Given information.

/---

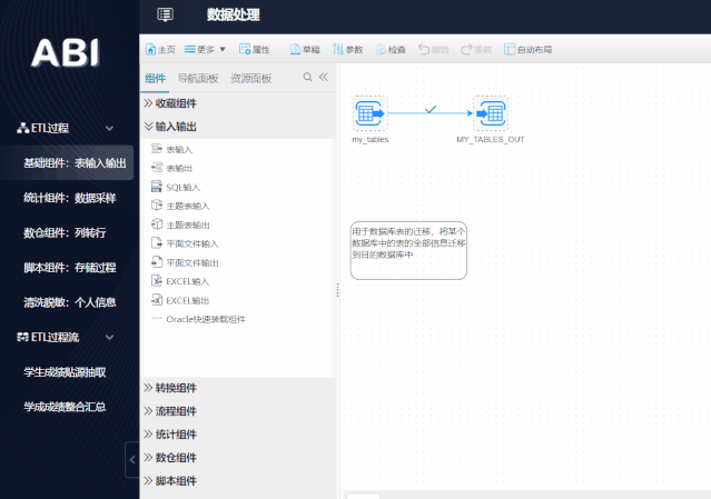 數據處理:列舉了部分ETL過程及ETL過程流,億信ABI通過運用大量可視化ETL組件,讓傳統的數據處理過程變得透明可見。
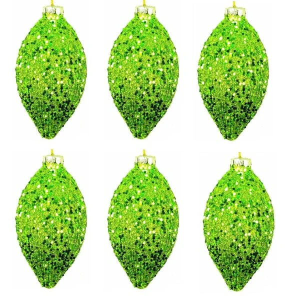 Green Plastic and Glitter 6-inch Oval Christmas Ornaments (Pack of 6)
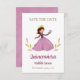 Il faut enregistrer les cartes de date pour une fête d'anniversaire de quinceanera. Personnalisez le texte avec vos propres informations et cliquez en personnaliser pour changer les choses dans la conception. Veuillez noter que les détails en or sont imprimés et qu'aucun papier ne sera ajouté à la carte. Illustré et dessiné par Patricia Alvarez.

\---

Exact output of each line above is wanted, without the pictures.

Written response.
 數據處理:列舉了部分ETL過程及ETL過程流,億信ABI通過運用大量可視化ETL組件,讓傳統的數據處理過程變得透明可見。
 Green Plastic and Glitter 6-inch Oval Christmas Ornaments (Pack of 6)
 Il faut enregistrer les cartes de date pour une fête d'anniversaire de quinceanera. Personnalisez le texte avec vos propres informations et cliquez en personnaliser pour changer les choses dans la conception. Veuillez noter que les détails en or sont imprimés et qu'aucun papier ne sera ajouté à la carte. Illustré et dessiné par Patricia Alvarez.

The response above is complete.